En todo caso, ha sido la propia democracia «representativa» y elitista de los grupos dominantes la que ha ido llenando de piedritas y piedrotas las distintas ideologías y calzados de moda que a discreción usan sus ideólogos y escribas.
Sin embargo, a diferencia de otras épocas (v.gr. 1940-70), se constata que a pesar de los líderes «providenciales», la fiscalización militante de las masas condiciona cualquier esquema de gobernabilidad que pretenda ignorarlas. Por acá y por allá, en acción y deliberación permanente, movilizaciones de origen diverso y causa común, cuestionan, acotan, condenan y combaten las políticas de exclusión, explotación, impunidad y represión.
Totalmente fracasado en lo político y social a causa de la ineptitud y rapacidad de los tecnócratas cipayos, el llamado Consenso de Washington no va más. Y el discurso de la «seguridad» (nueva dama invitada al baile de los eufemismos), aunque suene a melodía en los oídos de la plutocracia, no parece ser muy coherente que digamos. ¿Qué reprimir primero? ¿El narcotráfico o los movimientos sociales? ¿La delincuencia común o los medios de comunicación alternativos?

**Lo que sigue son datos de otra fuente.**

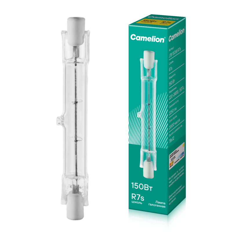 Главная/ Каталог продукции / Лампы / Лампа галогенная сетевого напряжения без отражателя / Лампа галогенная J78 150Вт линейная R7s 3000К 240В Camelion 2933
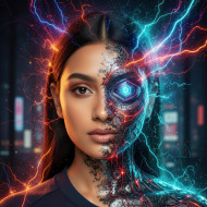 Mixed media sci fi portrait with electromagnetic field skin fusion google gemini prompt futuristic portrait

Cuba, Venezuela, Bolivia, Irak, Palestina, Afganistán demuestran que el lugar que la «globalización» nos tiene reservado opera con alcances mundiales y despliega fuerzas y medios de exterminio físico, ideológico y moral que ningún modelo de conquista y esclavitud había dispuesto jamás.

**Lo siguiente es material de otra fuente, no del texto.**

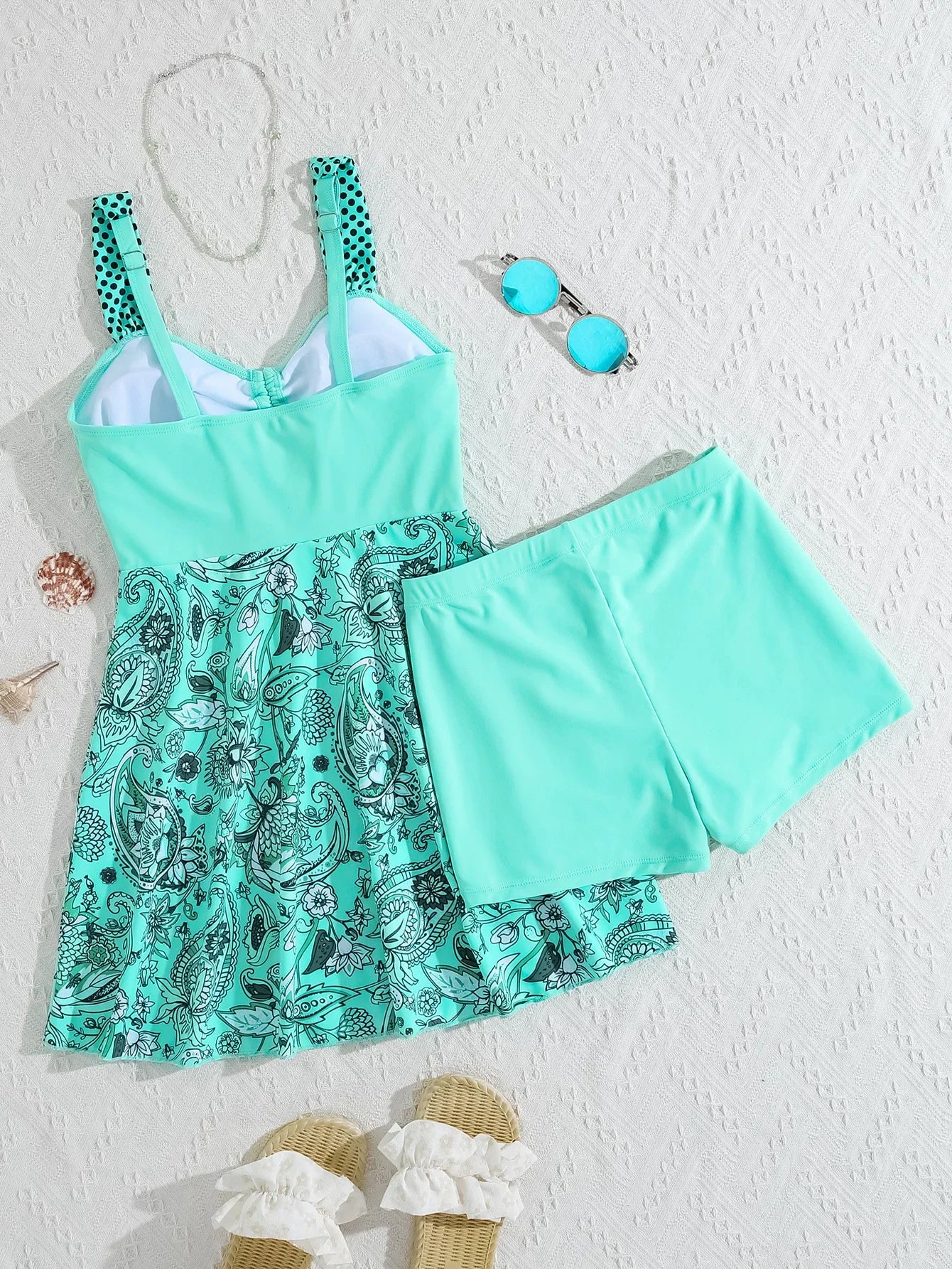 This two-piece tankini set is designed to combine style with comfort. The top features wide adjustable straps, a straight back neckline, and a unique vertical tie detail at the bust that creates a subtle ruched effect. From the bust down, the printed fabric adds a colorful and eye-catching touch, while the solid shorts balance the look with a sleek finish. With its high-waist design, this set flatters the waistline and delivers a confident silhouette, perfect for beach days, poolside, or resort vacations.

¿Reforma o revolución? ¿Socialismo o capitalismo? Convendría no adelantarse a la síntesis. No por válido, el debate es propio de la hora. El eminente pensador peruano José Carlos Mariátegui (1894-1930) decía que «la historia es reformista, mas a condición de que los revolucionarios operen como tales».
En vísperas de conmemorarse el bicentenario de la emancipación americana, la hora pide afilar el lápiz que nos permita entender la excepcional coyuntura histórica que atraviesan nuestros pueblos.
Coyuntura que no volverá a repetirse. En esta segunda oportunidad que los pueblos de América nos sirven en bandeja, se impone la urgente necesidad de sumar y sumar y sumar, revisando críticamente y con objetividad las causas que llevaron a la frustración y derrota de nuestra primera independencia.